Filme encantador, de uma beleza que não reside nas paisagens mostradas, nos lugares percorridos pela personagem, embora todos esses fatos mereçam destaque. A beleza desse filme pode ser resumida nessa frase final que destacamos no início do texto. Filme que fala da natureza humana em uma extensão impensável, mais do que quaisquer outros aspectos que são tocados ao longo do filme, e são muitos os aspectos tocados, a natureza dos vínculos é seu ponto forte, segundo nossa leitura sobre ele.

Sublinha o inferno e a alegria que os vínculos nos trazem, fonte do pior sofrimento e do maior prazer, segundo Freud. Lindo, comovente, “impactante” mesmo. Daquele tipo de filme que ao terminar fica-se com a certeza de que alguns filmes são capazes de mudar vidas. Sabê-lo baseado em fatos reais, torna-o ainda mais tocante.

Conta a história de um rapaz de 23 anos(na vida real Christopher McCandless representado pelo ator Emile Hirsch) que no início da década de 90 decide empreender uma viagem pelos Estados Unidos, traça como meta chegar ao Alasca, sua idéia é despir-se da cultura e suas imposições sociais e entrar em contato com a natureza selvagem. Mais do que perceber o conteúdo dessa intenção, a beleza reside em seu trajeto e principalmente nas relações que estabelece ao longo de sua caminhada. Percurso humano que pulsa e grita através das várias personagens com as quais ele vai construindo um invejável traçado de afeto. Um rapaz peculiar dotado de um conceito de justiça e ética, quase angelical, cruel com suas lembranças, e sábio em seus novos vínculos. Oriundo de uma conturbada família, descobre segredos sobre ela, sobre as bases que a constituíram, que o levam ao inferno de suas emoções, tudo isso é narrado ao longo do filme pelas memórias de sua irmã, sobrevivente a toda trama familiar. A narrativa se entrelaça com suas vivências em sua caminhada rumo ao Alasca, feliz maneira que Sean Penn escolhe para nos apresentar sua temática. Direção poética encontramos nesse filme, surpreendente Sean Penn que igualmente à descoberta que vemos a respeito da direção de Clint Eastwood(As Pontes de Madson – 1995, onde o descobrimos), nos mostra uma face de possibilidades múltiplas de um ser no mundo. Segue essa trajetória nossa personagem Christopher, comovente ser em angústia e alegria, isolamento e vínculo mais afetivo e completo que possa ser possível, baseado na crença de que partirá, no como está sempre chegando e partindo, se lança em direção ao vínculo com toda a potência de vida. Belo aprendizado que culmina na relação que desenvolverá, quase ao final do filme, com o solitário Ron Franz(Hal Holbrook ).(texto completo no link B)

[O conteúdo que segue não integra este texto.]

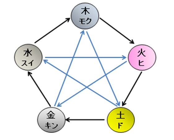 世の中のあらゆるものが五種類の元素(木・火・土・金・水)からなり、その五つが相互に密接な関係をもって互いに影響を与えあい、変化し循環するという考え方です。
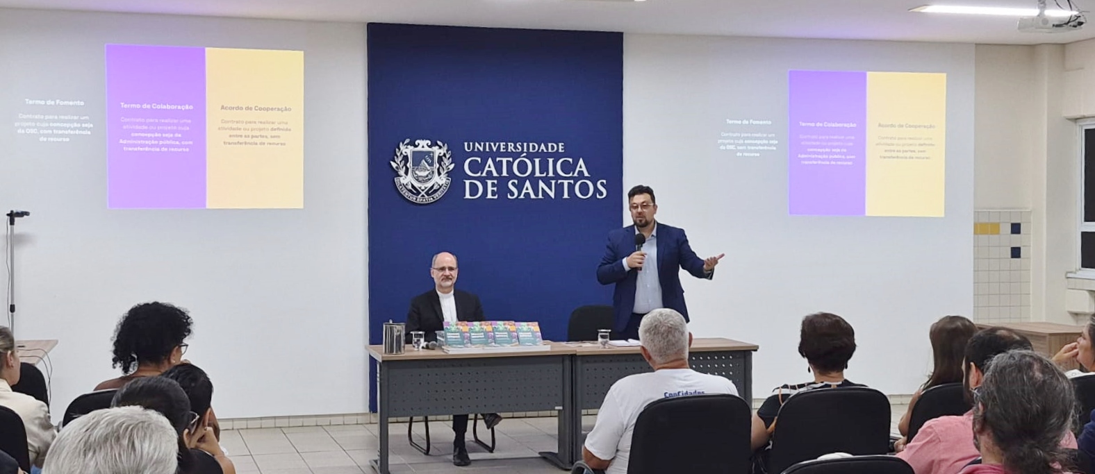 O encontro contou com a presença do sociólogo Eduardo Brasileiro de Carvalho, diretor de Parcerias com a Sociedade Civil da Secretaria-Geral da Presidência da República, do chanceler da UNISANTOS, o bispo diocesano de Santos, Dom Joaquim Giovani Mol Guimarães, do reitor da UNISANTOS, professor doutor Cléber Ferrão Corrêa, e das pró-reitoras, professora doutora Mariangela Mendes Lomba Pinho (Administrativa) e Rita de Cássia Zaher Rosa Paul (Graduação).
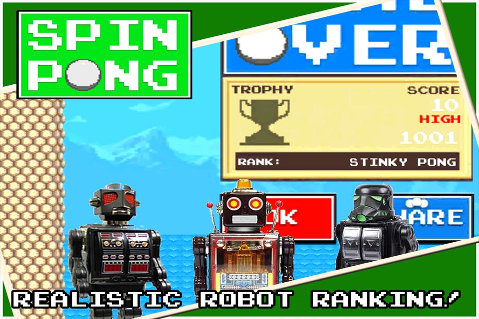 Spin Pong Spin Pong 연령대의 재미 있고 간단한 게임입니다. 떨어지지 않고 4 타점으로 화면의 오른쪽으로 볼을 가져 오십시오. 포인트 : 녹색 공 = 1 오렌지 볼 = 3RED 볼 = 10FIRE 볼 = 25 공을 건조하게 유지하는 것을 잊지 마십시오.
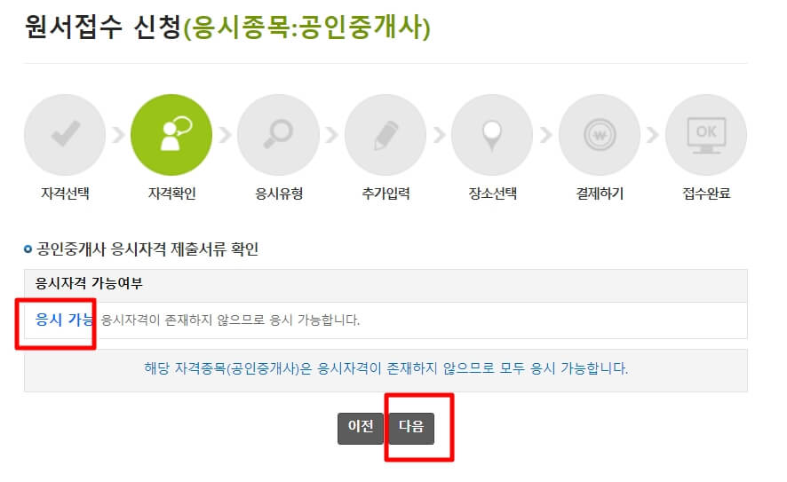 9. 공인중개사 결격사유가 없으면 응시 가능이라고 나옵니다. 확인 후, 다음을 누릅니다.
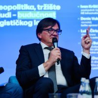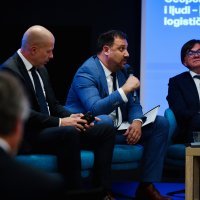 Marko Boban, voditelj službe u Upravi za EU fondove i strateško planiranje u Ministarstvu mora, prometa i infrastrukture; Ivan Kršić, predsjednik Uprave, HŽ Infrastruktura; Denis Vukorepa, ravnatelj Lučke uprava Rijeka; Luka Čirko, član Uprave Hrvatskih autocesta te Denis Dvoržak, pomoćnik direktora iz Ureda za logistiku i regionalnu ekspanziju Hrvatske pošte sudjelovali su na panelu 'Geopolitika, tržište i ljudi – budućnost logističkog lanca'.
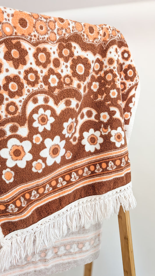 Upcycling XL Bauchtasche mit Fransen aus 70s Vintage Handtuch Towel Bag Einzelstück
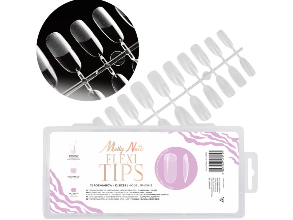 Flexi Tips Molly Nails oválné tipy na rychlé prodloužení nehtů 240 ks
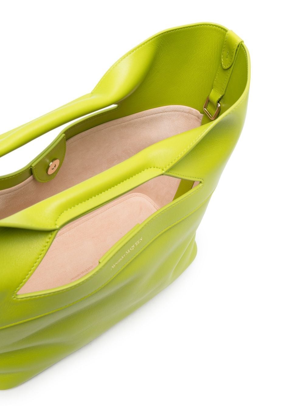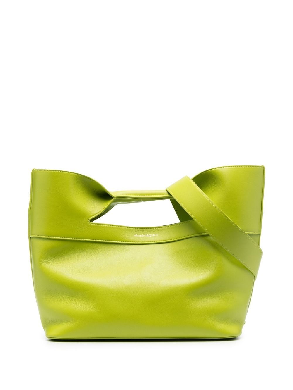 small Bow tote bag from Alexander McQueen featuring lime green, calf leather, logo stamp to the front, twisted top handles, cut-out detailing, magnetic fastening, main compartment, removable pouch and adjustable detachable shoulder strap.
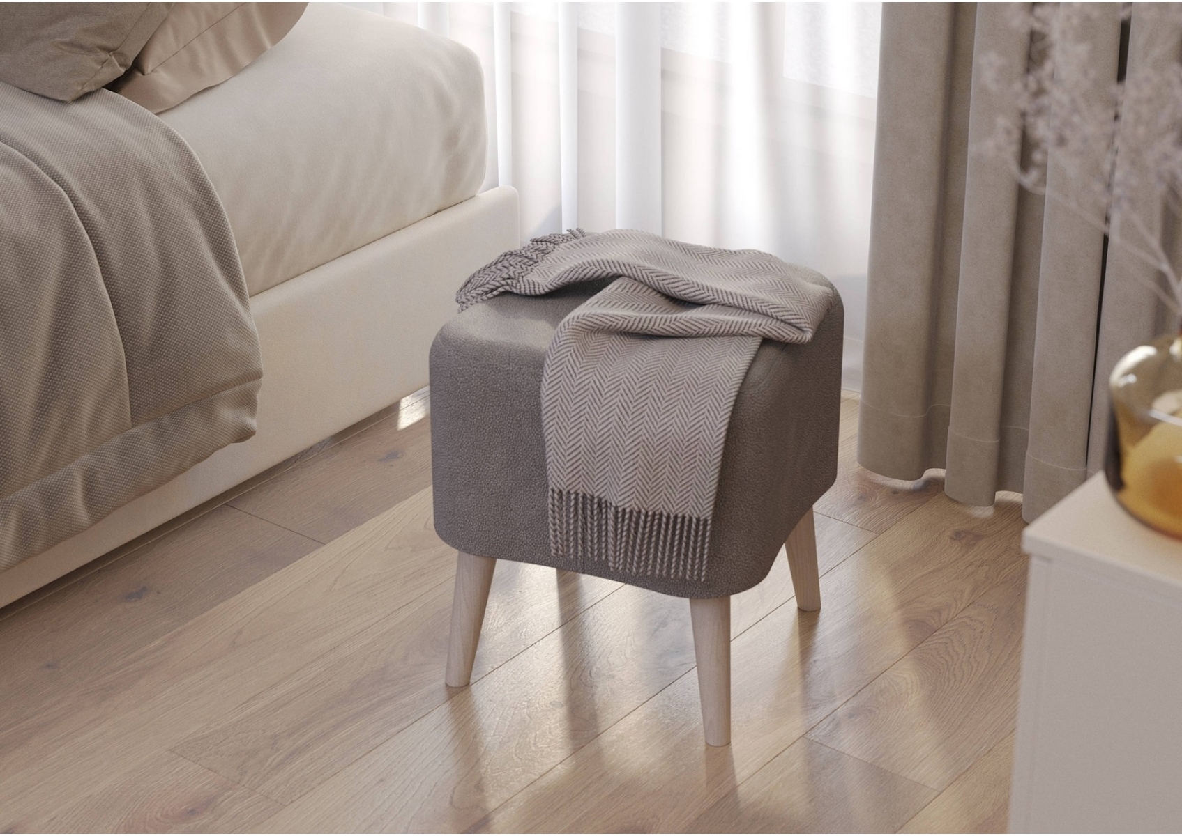 Банкетка тканевая на четырёх ножках квадратная Куби 6-5133. Обивка - ткань серая. Габариты (ШхГхВ) 41х41х45 см. Мягкое сиденье с обивкой из приятной на ощупь ткани цвета «молоко» создаёт ощущение уюта и лёгкости. Квадратная форма делает модель лаконичной и универсальной, а устойчивые ножки высотой 20 см придают ей элегантность и визуальную лёгкость.
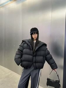 设计感波浪羽绒服女短款立领加厚云朵泡芙90白鸭绒冬季新款外套潮
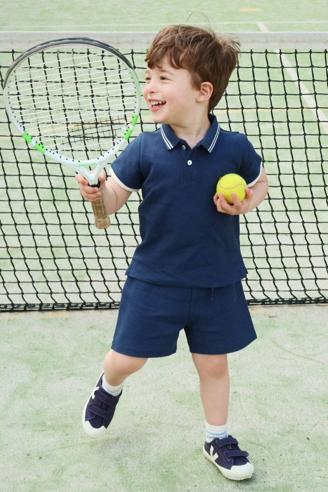 Mørkeblå shorts fra Konges Sløjd, lavet af 100 % økologisk bomuld. Shortsene har en almindelig talje og er lårkorte med elastik og snøre.
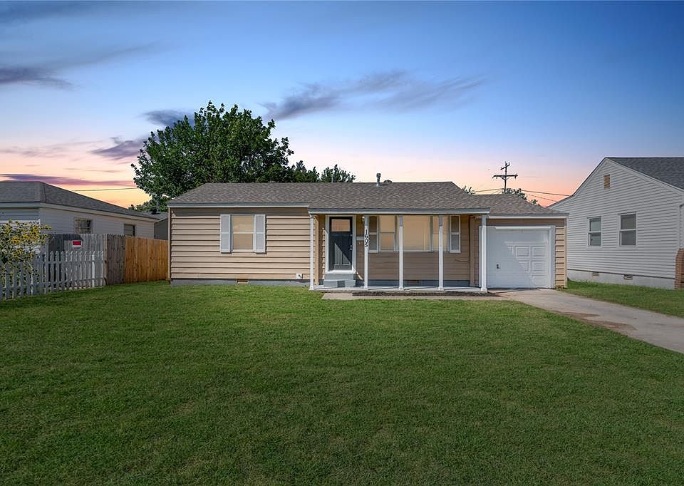 Experience modern living in this beautifully remodeled home conveniently located near Tinker Air Force Base. Step into the inviting kitchen featuring stylish tiled floors, complemented by tastefully painted cabinetry and gleaming stainless steel appliances. The seamless flow of hardwood floors throughout the rest of the home adds warmth and sophistication. Safety and practicality are paramount here, with a storm shelter for peace of mind during inclement weather. The backyard also boasts a handy storage shed, providing ample space to store your outdoor essentials. Don't miss the opportunity to make this upgraded gem your own!
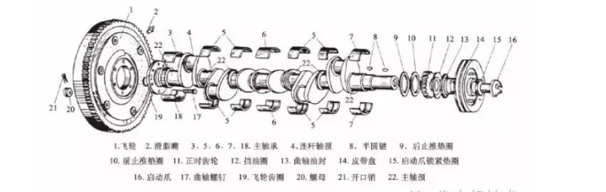 曲軸,顧名思義就是有許多彎曲的一根軸,有幾個氣缸就對應著幾個彎曲。曲軸是將活塞沿氣缸壁往復上下運動變為曲軸的旋轉運動并輸出機械能的重要部件,也是柴油機中最精密的部件之一。
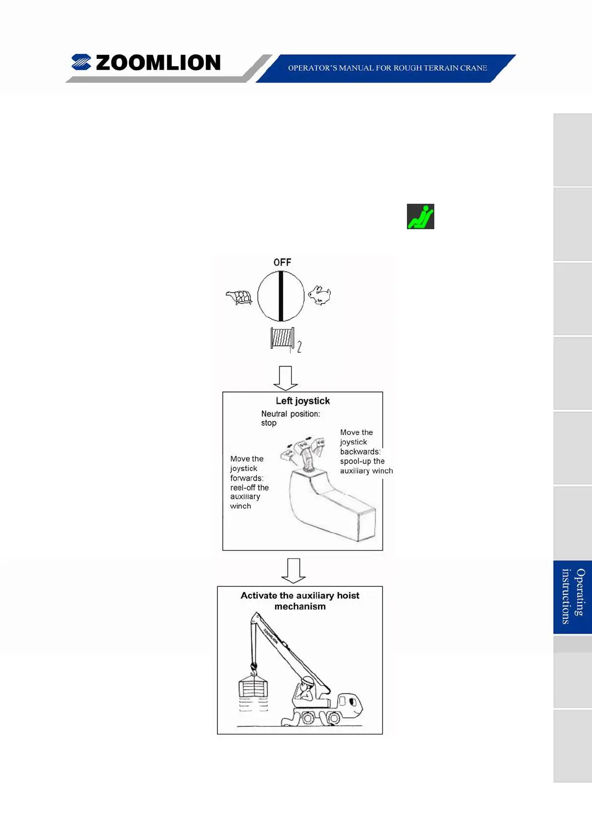 (1) The left joystick controls the auxiliary winch. Push the joystick forward to
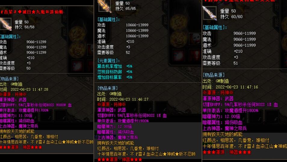 游戏等级好升,装备好打!所有装备靠打怪均可爆出!
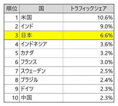 ChatGPTのWeb版や、画像生成サービス「DALL-E」のドメインである「Openai.com」への国別トラフィックシェア(2022年11月~2023年4月)は、上位から米国が10.6%、インドが9.0%、日本が6.6%、インドネシアが3.6%、カナダが3.2%。
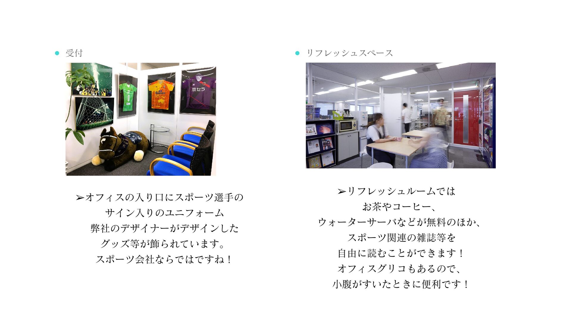 ・受付 リフレッシュスペース ・ ➢オフィスの入り口にスポーツ選手の サイン入りのユニフォーム 弊社のデザイナーがデザインした グッズ等が飾られています。 スポーツ会社ならではですね! ➢リフレッシュルームでは お茶やコーヒー、
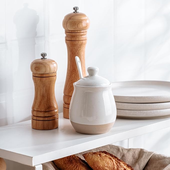 - Thoughtful Design: This sugar bowl comes with a snug-fitting lid and a handy mini spoon. The lid keeps sugar fresh and dust-free, while the spoon ensures precise portions without messy hands. Plus, the built-in spoon rest keeps everything tidy, and the wide-mouth design makes filling and scooping effortless.
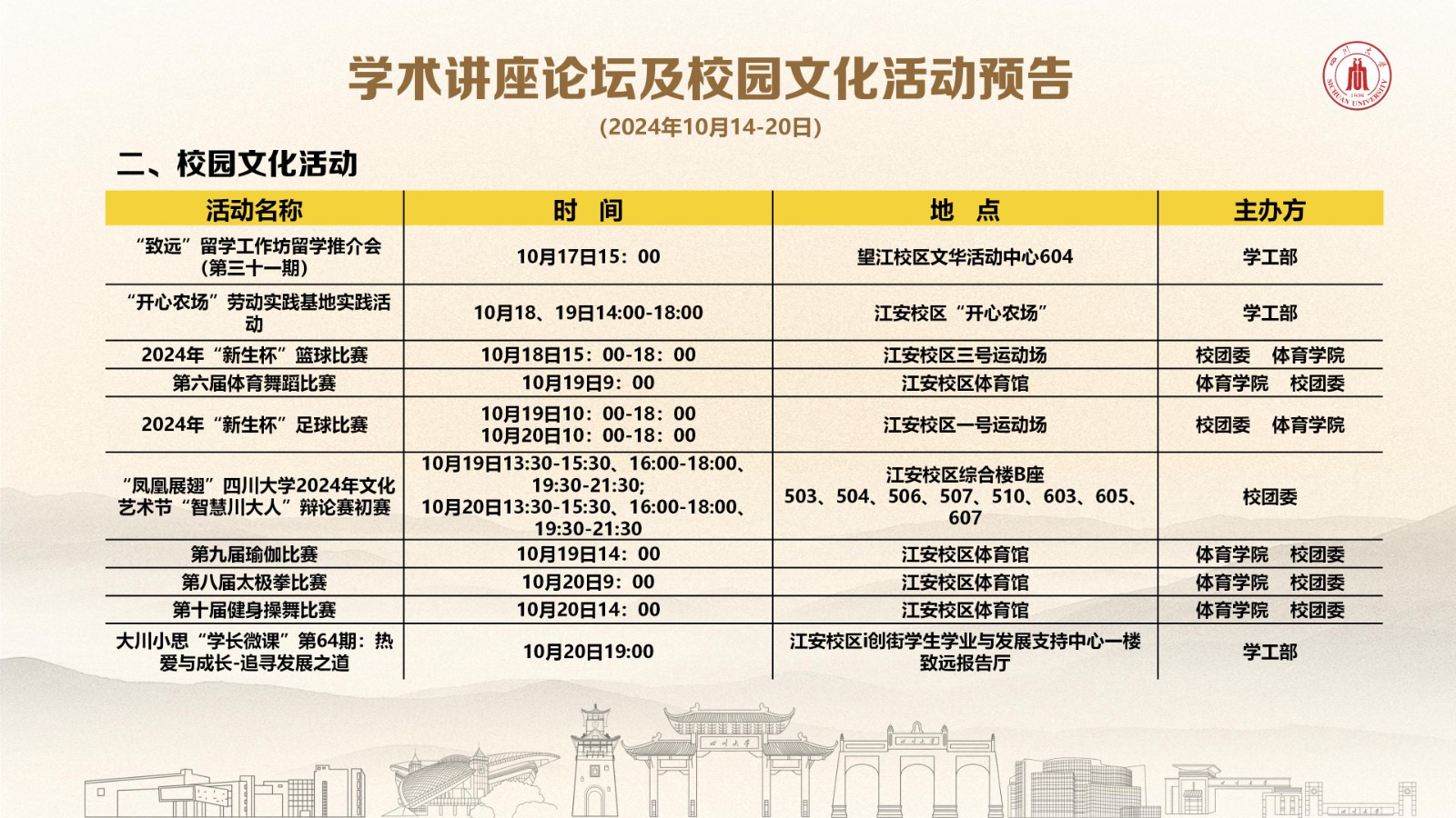 pa集团官网入口学术讲座论坛及校园文化活动预告(2024年10月14日-20日)
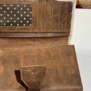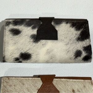This stunning accessory is made from leather and features hair-on cowhide. For convenience, this women's accessory offers a various slots and compartments for storage of various items.
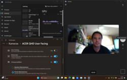 De QHD-webcam van de Acer Swift Go leverde zeer indrukwekkende resultaten. De beeldkwaliteit kan zelfs nog iets verbeterd worden dankzij Intel's NPU en Windows Studio Effects. Dit belast echter de iGPU en zoals u zou verwachten, laten de ventilatoren van de Acer Swift Go zich snel en luid voelen.
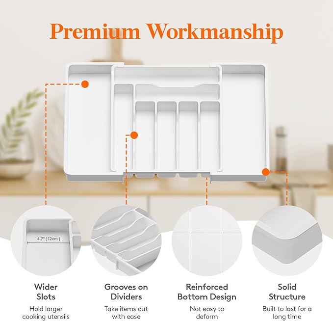 • Premium Construction: The utensil organizer for kitchen drawers is made of BPA-free PP material, ensuring its safety with all types of utensils, silverware and flatware. It has a solid bottom panel with sturdy dividers, keeping your silverware in place.
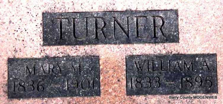 | TURNER, William A. | 1833 | 1895 Eagle Rock, Barry Co., MO |
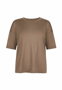 Kobieta z długimi ciemnymi włosami, ubrana w jasnofioletowy krótki top związywany w talii, stojąca na tle białej ściany.
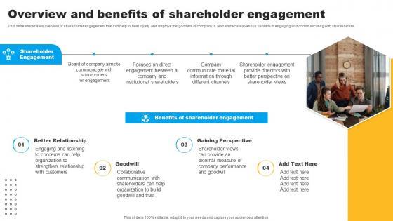 This slide showcases overview of shareholder engagement that can help to built loyalty and improve the goodwill of company. It also showcases various benefits of engaging and communicating with shareholders. If you are looking for a format to display your unique thoughts, then the professionally designed Strategies To Maintain Effective Relationships Overview And Benefits Of Shareholder Infographics Pdf is the one for you. You can use it as a Google Slides template or a PowerPoint template. Incorporate impressive visuals, symbols, images, and other charts. Modify or reorganize the text boxes as you desire. Experiment with shade schemes and font pairings. Alter, share or cooperate with other people on your work. Download Strategies To Maintain Effective Relationships Overview And Benefits Of Shareholder Infographics Pdf and find out how to give a successful presentation. Present a perfect display to your team and make your presentation unforgettable. This slide showcases overview of shareholder engagement that can help to built loyalty and improve the goodwill of company. It also showcases various benefits of engaging and communicating with shareholders.
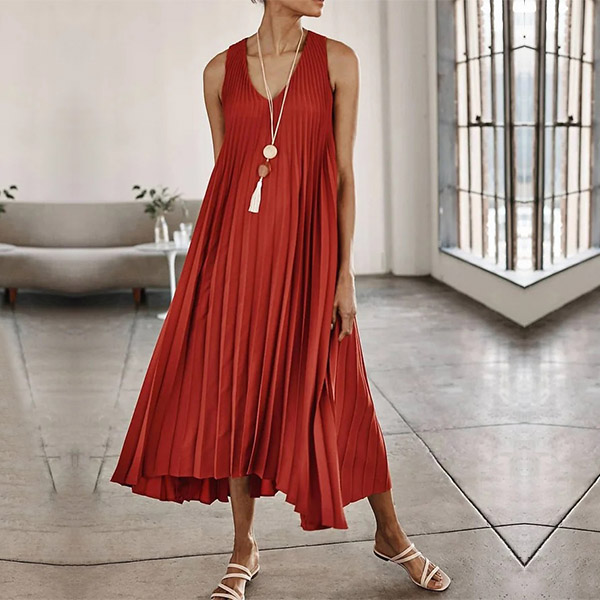 Fashion Solid Color Round Neck Sleeveless Pleated Dress
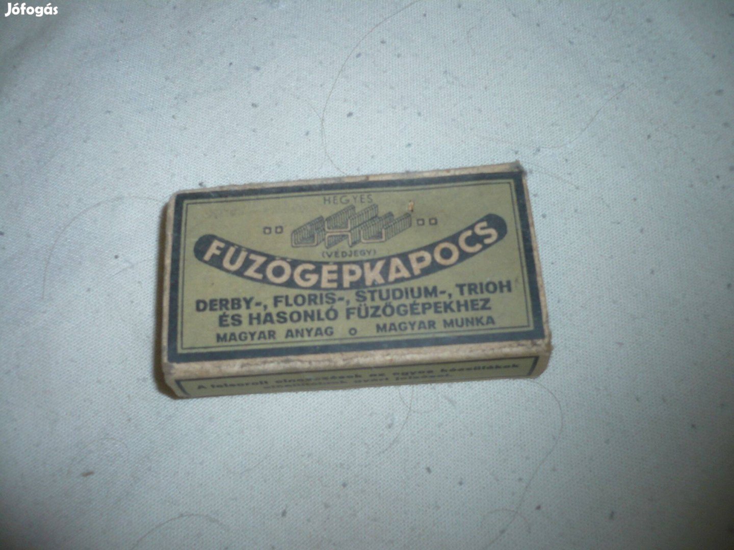régi fűzőgépkapocs doboz, mérete 6,5cm hosszú
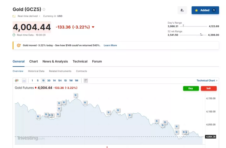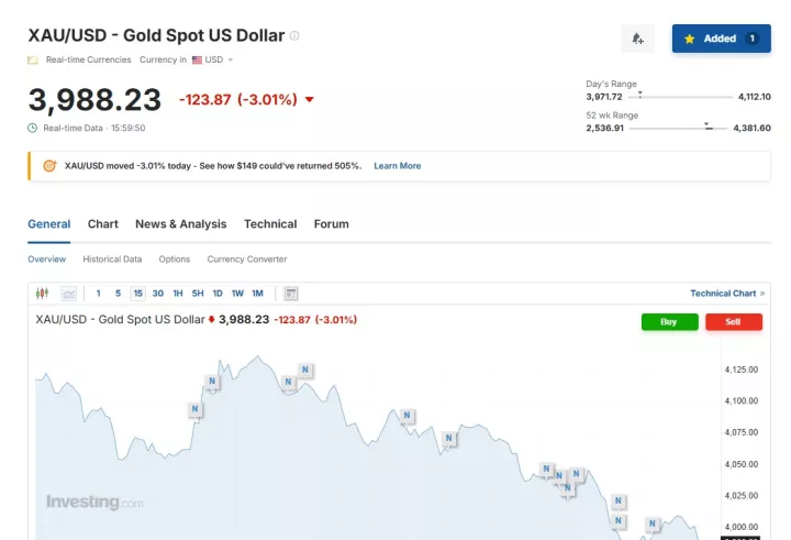 Ειδικότερα, η τιμή spot του χρυσού κατέγραψε πτώση στα 3.988,23 δολάρια ανά ουγγιά λίγο μετά τις 22:00 ώρα Ελλάδας, ενώ ενδοσυνεδριακά έφτασε να καταγράφει πτώση κατά 2,9% στα 3.990,89 δολάρια ανά ουγγιά.
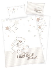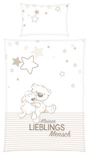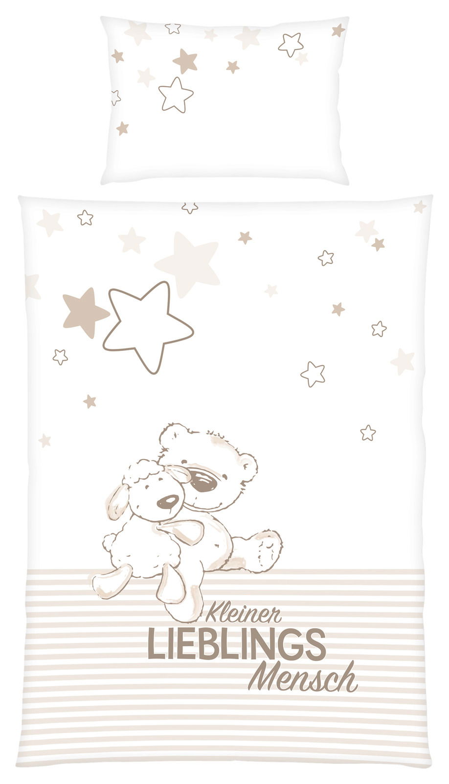Verleihen Sie dem Schlafzimmer einen Hauch von Eleganz und Komfort mit der Renforcé-Bettwäsche LIEBLINGSMENSCH. In einem sanften Beige gehalten, fügt sich dieses Set nahtlos in jede Schlafzimmereinrichtung ein. Die Bettwäsche besteht aus hochwertiger Baumwolle, die für ihre Atmungsaktivität und Langlebigkeit bekannt ist. Der Deckenbezug misst 100 x 135 cm, während der Kissenbezug eine Größe von 40 x 60 cm hat. Diese sorgfältig ausgewählten Maße bieten idealen Komfort für eine erholsame Nachtruhe. Die Bettewäsche ist nicht nur stilvoll, sondern auch funktional, da sie einfach zu pflegen und waschmaschinenfest ist.
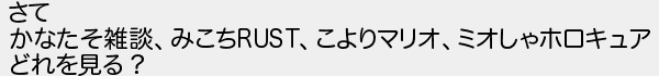 さて かなたそ雑談みこちこよりマリオミオしゃホロキュア どれを見る?

Esse filme é belíssimo e nos mostra bem como podemos ser tocados por uma história, nessa aqui narrada, baseada em um caso real, que mobilizará complexos e intensos insights a respeito de nós mesmos e das relações que estabelecemos com o nosso meio. Escolhemos colocar pequeno trecho da nossa análise sobre ele, para exemplificar o que falamos. Vê-lo, entrar em contato com sua narrativa, poderá despertar em cada um de nós, inúmeras sensações e sentimentos, caminhos abertos para o acesso a conteúdos importantes e que nos colocam em contato com as nossas operações psíquicas. Não podemos deixar de pensar em um caminho trilhado nesse sentido, não somente aleatório e ocasional, mas também sistematizado e buscado no processo analítico, quando em uma leitura, isso se mostrar viável.

Nosso convite então está erguido no sentido de somarmos experiências sobre esse tema, como já dissemos anteriormente, sabemos que esse é um caminho já bastante explorado por diversas linhas dentro da psicologia e por alguns psicanalistas. Mas no momento, pesquisar a respeito da sistematização dessa possibilidade tem sido nosso interesse e paixão.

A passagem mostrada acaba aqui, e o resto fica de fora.